Auf Umwegen in die Lehre, BZ Basel, 19.11. von Dominic Wirth
Etwas über 79000 neue
Lehrlinge, das geht aus dem Nahtstellenbarometer des Bundes hervor, haben diesen
Sommer bei einem Schweizer Unternehmen einen Lehrvertrag erhalten. Gleichzeitig
gaben nur rund 36000 Sekundarschulabgänger an, eine Lehrstelle anzutreten. Woher
kommen all die anderen, über rund 43000 Lehrlinge? Und was haben sie vor ihrem Lehrantritt
gemacht, seit sie die obligatorische Schule verlassen haben?

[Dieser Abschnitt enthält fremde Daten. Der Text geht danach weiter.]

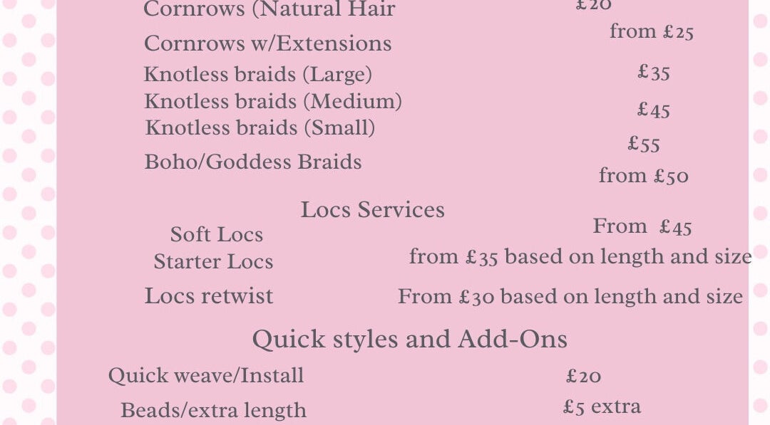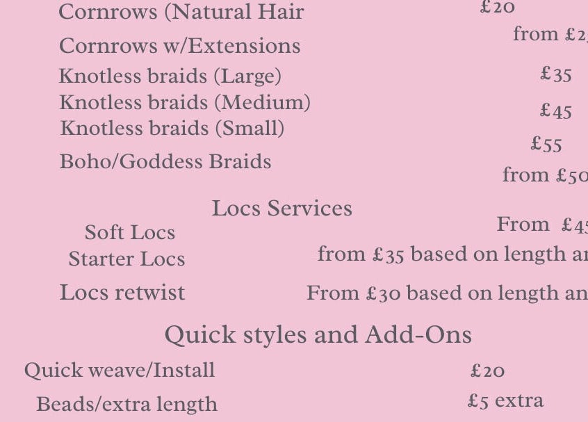 Luchi’s braid diary is your go-to spot for clean, stylish, and affordable braiding. From knotless and boho braids to soft locs, cornrows and quick weaves. I offer extra services like blow drying, prepping of extensions and colour blending to make your hair day smooth and stress-free. Quality work, fair prices, and a vibe you’ll come back for.

Das ist die Frage,
die Bildungsforscher Wolter seither umtreibt. Sie hat sich zwar schon im
letzten Jahr, als das Nahtstellenbarometer zum ersten Mal in dieser Form erhoben
wurde, gestellt. Doch heuer ist die Zahl der Lehrstellen, die nicht von Schulabgängern
angetreten werden, nochmals stark angestiegen.

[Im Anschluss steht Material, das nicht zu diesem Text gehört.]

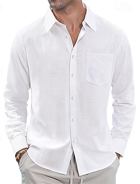 45% len Kapsy Pánské plátěná košile Košile Košile na knoflíky Letní košile Černá Bílá Vodní modrá Dlouhý rukáv Bez vzoru Klopa Jaro & podzim Venkovní Denní Oblečení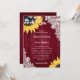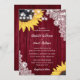 Este convite floral de casamento com girassóis contra um fundo de madeira de celeiro enfeitado com luzes de cordas e rendas florais brancas é perfeito para convidar seus convidados para sua festa de casamento vermelha rustica inspirada por girassóis. Fácil de personalizar modelo. design totalmente personalizável.
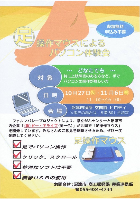 静岡県東部地区の方をはじめ多くの方に体験してもらいたいと思います。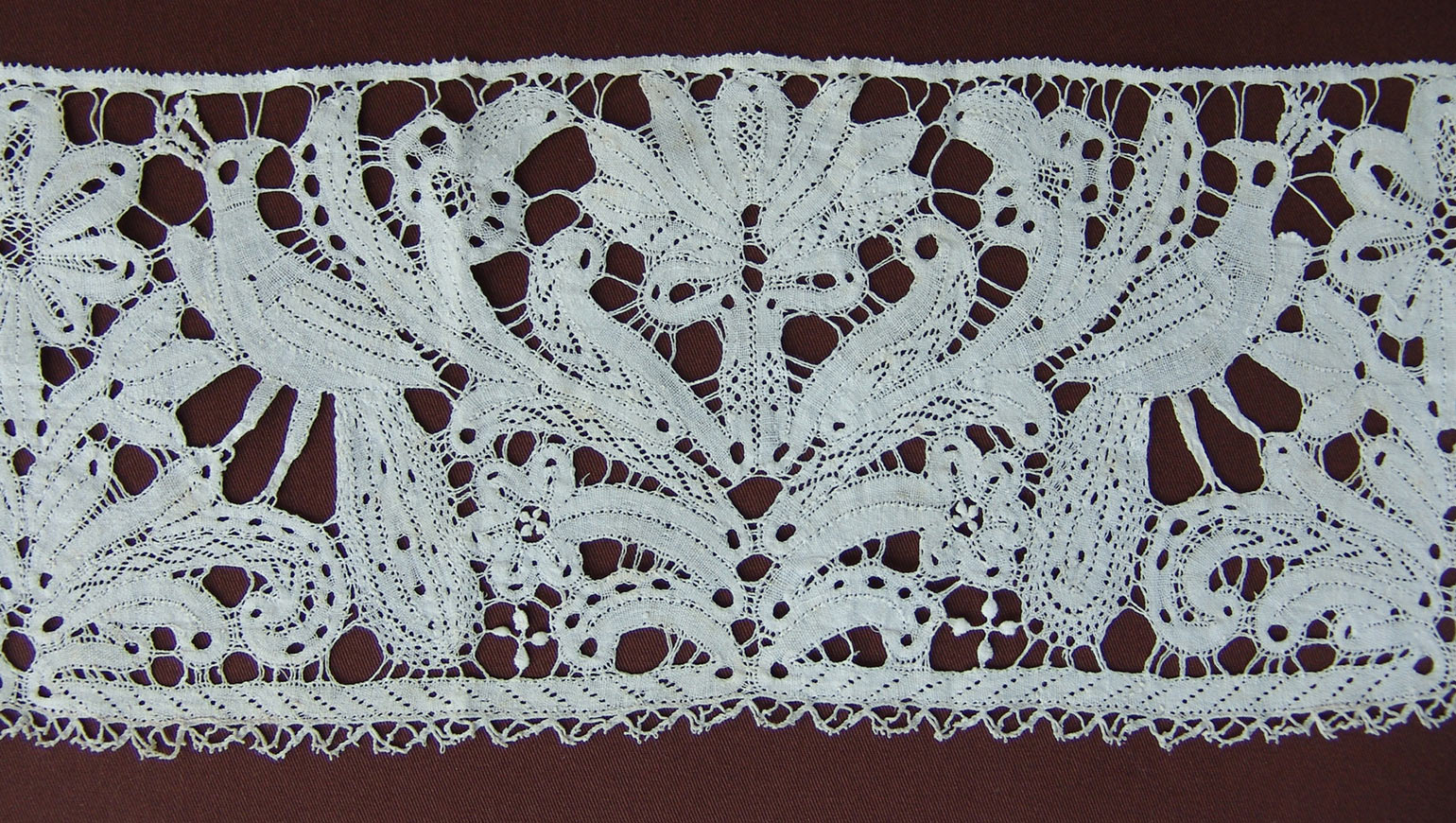 Milanese lacemakers carefully developed or adapted techniques to fit the current fashion. The earliest Milanese designs appear to date from around the mid 17th century, and bear a close resemblance to the contemporary flat and gros point needelaces of Venice. Some examples include extensive raised work meant to imitate the sculpted edges of Gros Point. Milanese lace is now considered a tape lace, but it came at a time when lace motifs were starting to break up into small pieces. Many early pieced laces, particularly from England, still retain their continuous tape origins. Note the birds in this month’s selection – are they tape or pieced? Tape laces in much lighter linen thread were also made at roughly the same time in Flemish work. It does appear that subsequent Milanese took a more purely tape lace route while the breakup into discrete motifs was developed further in northern Europe (although early works such as the 1599 footbench cover made for Archduke Albrecht and his wife Isabel of the Netherlands demonstrate that figural bobbinlaces were already well under development before Milanese really got started). Here is where most of the confusion lies – many different tape laces developed from this base and spread to a number of countries, especially Eastern Europe and Russia. It is not easy to tell them all apart.

Die Mär vom klassischen Bildungsweg
«Wir
wussten zwar, dass bei weitem nicht jede Lehrstelle mit einem Schulabgänger
besetzt wird», sagt Wolter. Doch dass heutzutage mehr als die Hälfte der Lehrlinge
allem Anschein nach nicht den klassischen Bildungsweg–nach der obligatorischen
Schule direkt in die Berufsbildung–gewählt hat, ist für den Bildungsforscher
«eine grosse Überraschung. Dieses Phänomen ist uns bisher noch nicht so ins Auge
gestochen.» Woher kommen also die 43000 Lehrlinge? Stefan Wolter sagt, das gelte
es vertieft zu erforschen. Die eine oder andere Hypothese hat er indes. Ein
Teil hat nach dem Abschluss der obligatorischen Schule zuerst ein
Brückenangebot absolviert oder ein Zwischenjahr gemacht. 2018 entschieden sich
rund 13000 Jugendliche dafür. Andere Neo-Lehrlinge, vermutet Wolter, haben sich
zuerst am Gymnasium versucht und sind dort gescheitert. Beim Rest dürfte es
sich laut Wolter um Menschen handeln, die eine Zweitlehre antreten, weil sie den
Beruf wechseln wollen–oder die eine weitere Ausbildung machen, um auf dem Arbeitsmarkt
attraktiver zu werden.
Bald dreht die Demografie-Kurve
Insgesamt blieben diesen
Sommer rund11000 Lehrstellen unbesetzt.88 Prozent der Firmen fanden einen Lehrling,
das sind etwas mehr als im Vorjahr (86 Prozent). Insgesamt bestätigt sich auf
dem Lehrstellenmarkt ein Bild, das schon länger gilt: viele Schulabgänger bekommen
jene Lehrstelle, die sie wollen. Allerdings dürfte der Konkurrenzkampf aufgrund
der demografischen Entwicklung bald härter werden–zur Freude der Schweizer Firmen.